<<<<

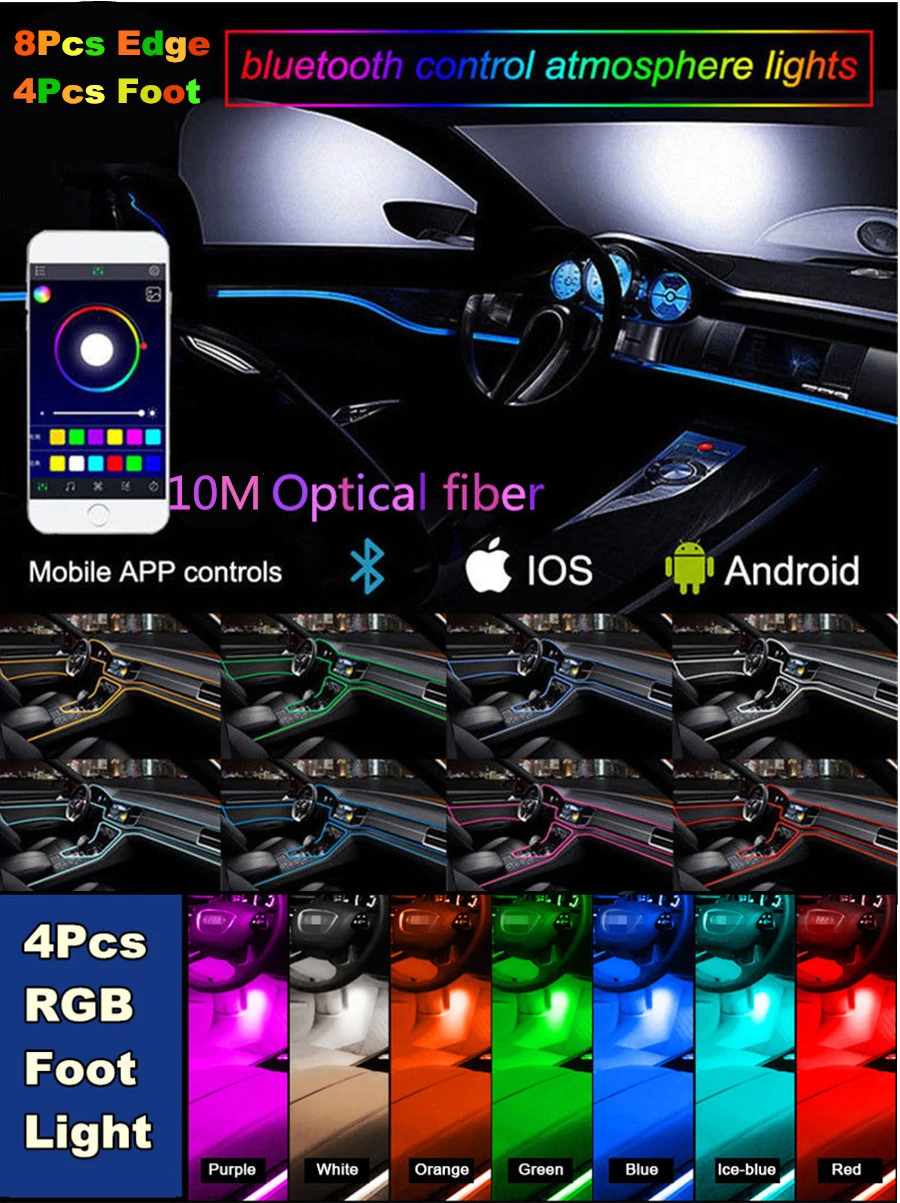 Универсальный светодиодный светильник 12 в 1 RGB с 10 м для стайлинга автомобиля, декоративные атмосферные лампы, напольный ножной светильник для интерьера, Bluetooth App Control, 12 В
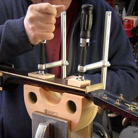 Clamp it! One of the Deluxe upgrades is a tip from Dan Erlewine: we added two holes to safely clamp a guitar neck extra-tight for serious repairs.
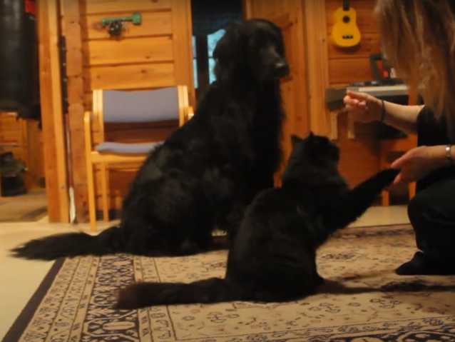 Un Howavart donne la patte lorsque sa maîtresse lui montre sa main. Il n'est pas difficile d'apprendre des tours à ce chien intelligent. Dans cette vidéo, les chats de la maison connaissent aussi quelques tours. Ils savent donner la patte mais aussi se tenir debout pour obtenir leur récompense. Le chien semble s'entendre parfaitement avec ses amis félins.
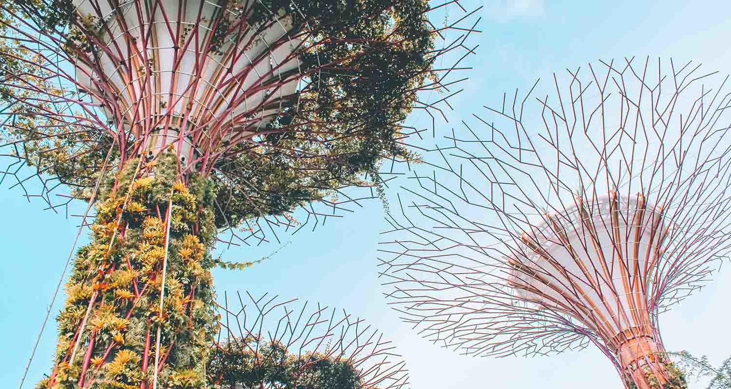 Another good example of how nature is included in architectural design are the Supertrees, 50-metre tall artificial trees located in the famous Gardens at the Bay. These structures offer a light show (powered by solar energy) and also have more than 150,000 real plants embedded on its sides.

>>>>

Begin at the line that contains "Un Howavart donne" and transcribe exactly, and only, each line through the final line of the data above, both included; the pictures do not go in.

→ EXERCISE OUTPUT:
 Un Howavart donne la patte lorsque sa maîtresse lui montre sa main. Il n'est pas difficile d'apprendre des tours à ce chien intelligent. Dans cette vidéo, les chats de la maison connaissent aussi quelques tours. Ils savent donner la patte mais aussi se tenir debout pour obtenir leur récompense. Le chien semble s'entendre parfaitement avec ses amis félins.
 Another good example of how nature is included in architectural design are the Supertrees, 50-metre tall artificial trees located in the famous Gardens at the Bay. These structures offer a light show (powered by solar energy) and also have more than 150,000 real plants embedded on its sides.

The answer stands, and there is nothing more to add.